Home Software Services About Contact usearch manual
CIGAR string

CIGAR stands for Concise Idiosyncratic Gapped Alignment Report. It is a compressed representation of an alignment that is used in the SAM file format.

A CIGAR standard was originally defined by the Exonerate alignment program, but this is not the same as the CIGARs found in SAM files. Several incompatible types of CIGAR string are used by different programs that support SAM files, and unfortunately CIGARs are not fully described by the SAM specification. The description here covers those SAM file CIGAR standards that I'm aware of. If you know of other variants, please let me know.
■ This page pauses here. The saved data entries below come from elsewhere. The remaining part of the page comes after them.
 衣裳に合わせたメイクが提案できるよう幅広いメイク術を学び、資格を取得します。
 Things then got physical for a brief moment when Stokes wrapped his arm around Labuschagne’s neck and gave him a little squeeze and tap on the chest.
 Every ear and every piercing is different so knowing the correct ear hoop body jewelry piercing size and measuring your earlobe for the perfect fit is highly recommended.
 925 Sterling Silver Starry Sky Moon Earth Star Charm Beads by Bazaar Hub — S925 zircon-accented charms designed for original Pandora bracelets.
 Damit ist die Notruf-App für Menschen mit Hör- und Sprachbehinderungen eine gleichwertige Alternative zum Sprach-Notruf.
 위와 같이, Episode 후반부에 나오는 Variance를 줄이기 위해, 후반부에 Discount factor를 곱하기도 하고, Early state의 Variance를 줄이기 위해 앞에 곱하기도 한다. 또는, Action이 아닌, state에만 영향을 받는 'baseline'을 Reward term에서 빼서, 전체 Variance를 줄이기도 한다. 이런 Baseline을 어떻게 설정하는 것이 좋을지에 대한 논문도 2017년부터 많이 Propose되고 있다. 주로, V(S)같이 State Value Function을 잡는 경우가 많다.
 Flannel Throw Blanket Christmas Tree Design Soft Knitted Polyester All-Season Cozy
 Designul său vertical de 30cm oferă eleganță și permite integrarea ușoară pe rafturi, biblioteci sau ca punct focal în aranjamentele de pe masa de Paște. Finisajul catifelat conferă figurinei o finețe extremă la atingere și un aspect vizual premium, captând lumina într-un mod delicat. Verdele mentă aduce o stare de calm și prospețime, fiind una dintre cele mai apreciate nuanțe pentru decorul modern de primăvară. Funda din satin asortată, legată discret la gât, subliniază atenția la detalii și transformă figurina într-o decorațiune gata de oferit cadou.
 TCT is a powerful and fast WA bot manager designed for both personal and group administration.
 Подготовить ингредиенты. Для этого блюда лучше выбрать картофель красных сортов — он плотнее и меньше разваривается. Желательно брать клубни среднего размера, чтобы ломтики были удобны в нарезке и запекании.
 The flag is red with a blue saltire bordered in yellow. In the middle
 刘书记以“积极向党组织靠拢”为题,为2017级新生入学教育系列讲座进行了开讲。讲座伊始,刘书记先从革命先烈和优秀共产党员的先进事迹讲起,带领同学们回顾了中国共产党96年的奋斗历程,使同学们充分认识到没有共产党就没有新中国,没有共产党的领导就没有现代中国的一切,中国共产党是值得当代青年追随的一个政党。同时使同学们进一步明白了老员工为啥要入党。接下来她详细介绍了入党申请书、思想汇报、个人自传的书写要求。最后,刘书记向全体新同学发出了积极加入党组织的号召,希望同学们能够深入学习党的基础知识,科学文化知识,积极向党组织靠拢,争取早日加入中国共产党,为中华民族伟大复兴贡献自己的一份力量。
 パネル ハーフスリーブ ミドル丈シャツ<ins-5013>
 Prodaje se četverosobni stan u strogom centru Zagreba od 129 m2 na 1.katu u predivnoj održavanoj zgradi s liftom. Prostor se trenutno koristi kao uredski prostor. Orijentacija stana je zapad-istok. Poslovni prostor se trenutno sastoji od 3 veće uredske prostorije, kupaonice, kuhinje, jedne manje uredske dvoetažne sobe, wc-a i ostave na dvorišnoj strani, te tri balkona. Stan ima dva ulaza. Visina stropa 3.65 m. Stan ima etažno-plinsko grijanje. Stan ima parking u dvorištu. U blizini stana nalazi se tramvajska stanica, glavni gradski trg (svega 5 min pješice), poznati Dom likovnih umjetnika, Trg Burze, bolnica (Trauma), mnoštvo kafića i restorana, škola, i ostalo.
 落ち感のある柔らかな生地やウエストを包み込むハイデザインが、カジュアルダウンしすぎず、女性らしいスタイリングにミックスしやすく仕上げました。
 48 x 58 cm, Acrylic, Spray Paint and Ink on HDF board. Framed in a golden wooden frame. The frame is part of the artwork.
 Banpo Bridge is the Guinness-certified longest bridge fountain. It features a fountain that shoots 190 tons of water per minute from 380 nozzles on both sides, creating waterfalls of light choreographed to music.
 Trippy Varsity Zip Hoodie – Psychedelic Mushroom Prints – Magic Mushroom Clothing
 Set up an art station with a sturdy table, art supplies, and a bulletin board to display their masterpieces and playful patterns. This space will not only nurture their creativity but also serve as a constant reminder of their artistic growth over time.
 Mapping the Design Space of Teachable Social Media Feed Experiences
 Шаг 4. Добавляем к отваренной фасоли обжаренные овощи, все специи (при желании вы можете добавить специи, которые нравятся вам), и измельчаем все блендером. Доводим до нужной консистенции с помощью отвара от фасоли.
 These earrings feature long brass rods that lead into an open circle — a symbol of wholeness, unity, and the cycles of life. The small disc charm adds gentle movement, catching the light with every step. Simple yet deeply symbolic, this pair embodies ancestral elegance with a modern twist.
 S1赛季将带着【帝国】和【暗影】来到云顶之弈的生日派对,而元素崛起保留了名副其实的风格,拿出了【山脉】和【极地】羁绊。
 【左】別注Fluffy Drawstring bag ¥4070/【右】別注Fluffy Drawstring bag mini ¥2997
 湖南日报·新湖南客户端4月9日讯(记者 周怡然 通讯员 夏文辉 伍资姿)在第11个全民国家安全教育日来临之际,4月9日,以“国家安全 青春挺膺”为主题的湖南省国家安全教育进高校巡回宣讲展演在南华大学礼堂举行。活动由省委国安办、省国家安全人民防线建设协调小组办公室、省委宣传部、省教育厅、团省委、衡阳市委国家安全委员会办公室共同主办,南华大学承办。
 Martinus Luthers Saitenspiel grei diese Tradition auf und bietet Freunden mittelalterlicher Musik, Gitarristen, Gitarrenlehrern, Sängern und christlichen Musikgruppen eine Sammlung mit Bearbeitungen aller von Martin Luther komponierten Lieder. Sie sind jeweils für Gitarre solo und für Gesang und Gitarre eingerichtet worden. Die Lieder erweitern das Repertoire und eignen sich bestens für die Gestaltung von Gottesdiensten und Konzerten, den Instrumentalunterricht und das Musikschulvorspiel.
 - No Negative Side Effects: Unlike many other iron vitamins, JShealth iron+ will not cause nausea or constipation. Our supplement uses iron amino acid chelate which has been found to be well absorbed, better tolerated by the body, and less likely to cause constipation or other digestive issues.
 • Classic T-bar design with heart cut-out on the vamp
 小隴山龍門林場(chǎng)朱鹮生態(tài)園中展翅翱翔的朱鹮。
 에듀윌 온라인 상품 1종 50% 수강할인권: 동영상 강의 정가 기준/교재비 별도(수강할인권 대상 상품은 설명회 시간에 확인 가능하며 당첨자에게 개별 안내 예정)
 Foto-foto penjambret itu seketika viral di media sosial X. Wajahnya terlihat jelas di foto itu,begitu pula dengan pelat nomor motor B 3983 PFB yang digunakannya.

A CIGAR string is made up of <integer><op> pairs, e.g. 76H130M. Here, "op" is an operation specified as a single character, usually an upper-case letter (see table below). An operation is usually a type of column that appears in the alignment, e.g. a match or gap. The integer specifies a number of consecutive operations. In some CIGAR variants, the integer may be omitted if it is 1.
 

Op   Description
M   Match (alignment column containing two letters). This could contain two different letters (mismatch) or two identical letters. USEARCH generates CIGAR strings containing Ms rather than X's and ='s (see below).
D   Deletion (gap in the target sequence).
I   Insertion (gap in the query sequence). 
S   Segment of the query sequence that does not appear in the alignment. This is used with soft clipping, where the full-length query sequence is given (field 10 in the SAM record). In this case, S operations specify segments at the start and/or end of the query that do not appear in a local alignment.
H   Segment of the query sequence that does not appear in the alignment. This is used with hard clipping, where only the aligned segment of the query sequences is given (field 10 in the SAM record). In this case, H operations specify segments at the start and/or end of the query that do not appear in the SAM record.
=   Alignment column containing two identical letters. USEARCH can read CIGAR strings using this operation, but does not generate them.
X   Alignment column containing a mismatch, i.e. two different letters. USEARCH can read CIGAR strings using this operation, but does not generate them.